After landmark Sudan vote, battle for unity begins

Khartoum, April 27: A day after controversial polls returned President Omar al-Beshir to power, Sudan Tuesday turned its attention to its next challenge — forging unity in Africa’s largest country before it implodes.

Beshir, who was declared winner on Monday after the country’s first multi-party general elections since 1986, wasted no time in sketching out his plans for the months to come.

“Our next battle will be the unity of Sudan,” Beshir told supporters of his National Congress Party at a celebratory rally in Khartoum late on Monday.

In a solemn address on television earlier, he had vowed that a promised referendum on the independence of south Sudan would go ahead as planned on January 2011.

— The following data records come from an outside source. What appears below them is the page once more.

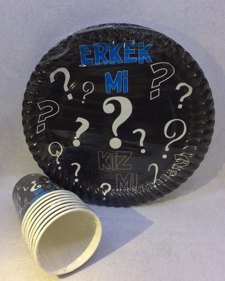 Siyah renkte, "ERKEK Mi?" ve "KIZ Mi?" yazılı baskılı tabak ve bardak seti, counterculture tarzında tasarlanmıştır.
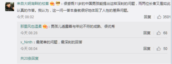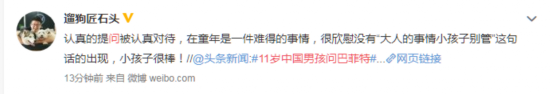 小男孩的提问引起了网友的关注,有网友回忆起自己的11岁,称自己那时候还在“抄作业”、“看动画片”、“连巴菲特都不知道”。
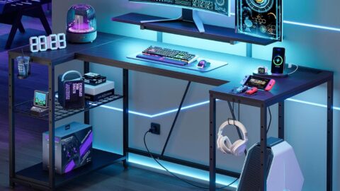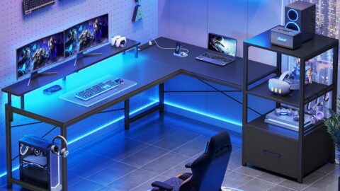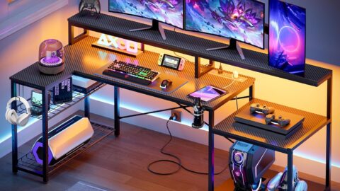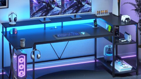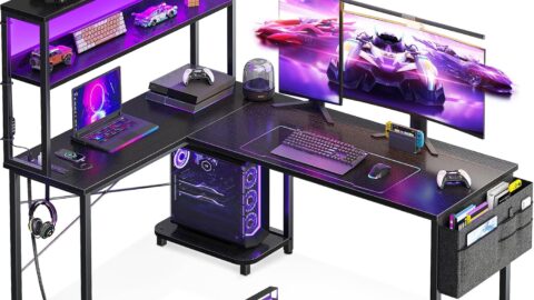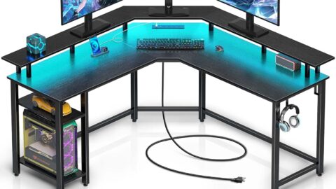 Rolanstar L Shaped Gaming Desk with LED Lights & Power Outlets, 55.1″ Computer Desk with Full Monitor Stand & Storage Shelf, Corner Desk with Hooks, Black Desk Reversible
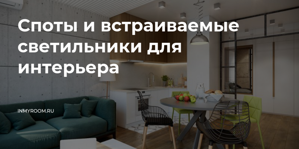 Потолочные споты и встраиваемые светильники — отличная альтернатива люстрам с плафонами. Особенно актуальны они в малогабаритках с низкими потолками: визуально не перегружают пространство и хорошо освещают комнату. Дизайнеры рекомендуют располагать светильники на расстоянии не менее 20 см от стен и оставлять между ними 100–150 см.
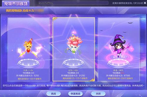 - 在宠物训练场中,玩家需要让自己的上阵宠物挑战宠物BOSS战队,挑战成功后可获得宠物币和其他物品奖励。不同的宠物BOSS战队难度不同,奖励也有所不同。
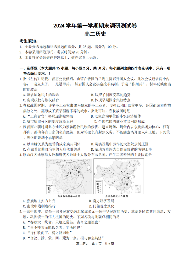 浙江省湖州市2024-2025学年上学期高二期末调研测试历史+答案
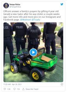 Patrol Sergeant Andrew Brooks’ wife came across the Facebook post and shared it with her husband. Sergeant Andrew Brooks rallied together Tempe officers in order to find the stolen tractor. After efforts to find the vehicle failed, Brooks was able to find another way around the situation. With the financial support from an area Walmart, the Tempe Officers Association was able to buy the boy a sparkling, new tractor.
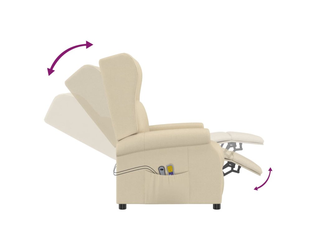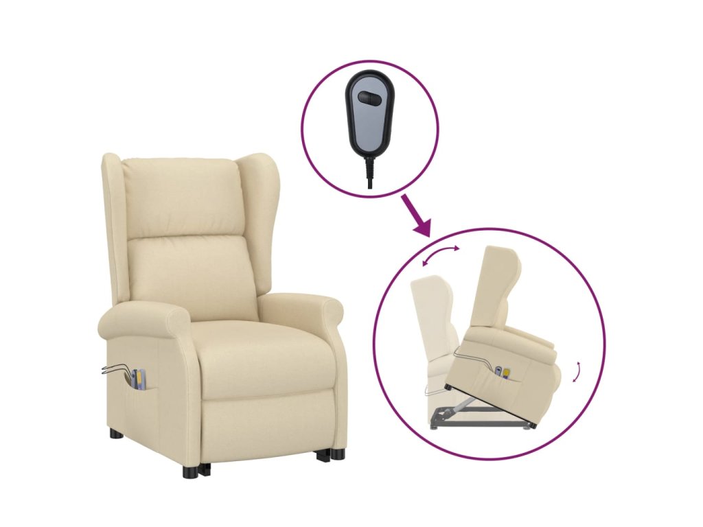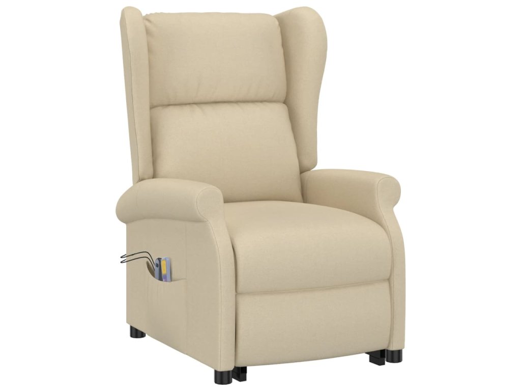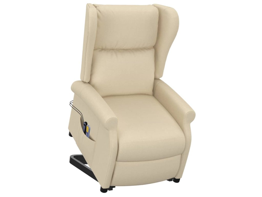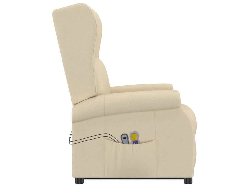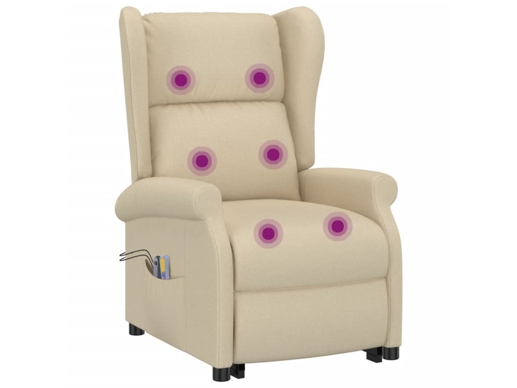 Zvedací masážní křeslo krémové textil 289749
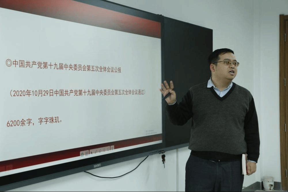 备课会主要分三个环节进行。首先,张帆老师作“十九届五中全会精神学习辅导”。他紧密结合思想政治理论课教学实践,对十九届五中全会精神进行全方位解读,重点阐述了十九届五中全会精神融入思想政治理论课必须讲清楚的十大问题。阎树群教授在对张帆老师的讲解进行客观点评的基础上,重点就新发展阶段、新发展理念、新发展格局的“三新”问题做出深入剖析,并且从讲好思政课的角度对十九届五中全会的精神进行了系统阐述与深入解读。
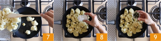 Añade los ramilletes de coliflor 7 y con una cuchara de madera remueve. Continúa la cocción a fuego medio durante unos 2 minutos y ajusta de sal 8 y pimienta. En este punto agrega las alcaparras desalada bien escurridas y secas 9,
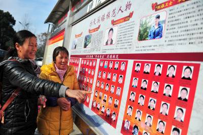 近日,三峡坝区“门户”宜昌市夷陵区乐天溪镇的“百名孝老爱亲道德模范”群像图在各公共公开场所集中亮相,这些道德模范人物弘扬真善美、传递正能量的感人故事,成为村民们在文明创建和公民道德建设中继承传统、弘扬美德的鲜活教材。该镇通过广泛宣讲这些道德模范人物的先进事迹,在三峡坝区形成了“知荣辱、讲文明、树新风、促和谐”的社会新风尚。 本报视界网 张国荣 摄

A peace deal signed in 2005 between the southern rebel Sudan People’s Liberation Movement and the government of Khartoum to end civil war, provided for the competitive polls and for the southern referendum on independence.

Now that elections are over, southern Sudanese will begin to focus efforts on their main goal, the referendum.

Despite winning 68 percent of the votes overall, Beshir garnered support from only 10 percent of south Sudan voters.

Instead southerners voted overwhelmingly for Yasser Arman, the SPLM presidential candidate, whose name appeared on ballot papers despite the fact he withdrew from the race ahead of polling day.

“Beshir and his team will have to work hard to convince the southerners to choose unity. He could offer the south more autonomy if he wants to avoid the country’s split,” Sudanese political analyst Haydar Ibrahim said.

A national referendum commission has been promised to oversee the vote. Registration for voters in south Sudan and for southerners living in the north will take place in the coming months, during which time the north and the south will have to resolve all outstanding border demarcations.

European and American observers said the elections had failed to reach international standards.

Nonetheless foreign governments said they were willing to work with Sudan.

“Even if we acknowledge the problems with the election, the priority remains to maintain relations in order to assure a good referendum,” a western diplomat said.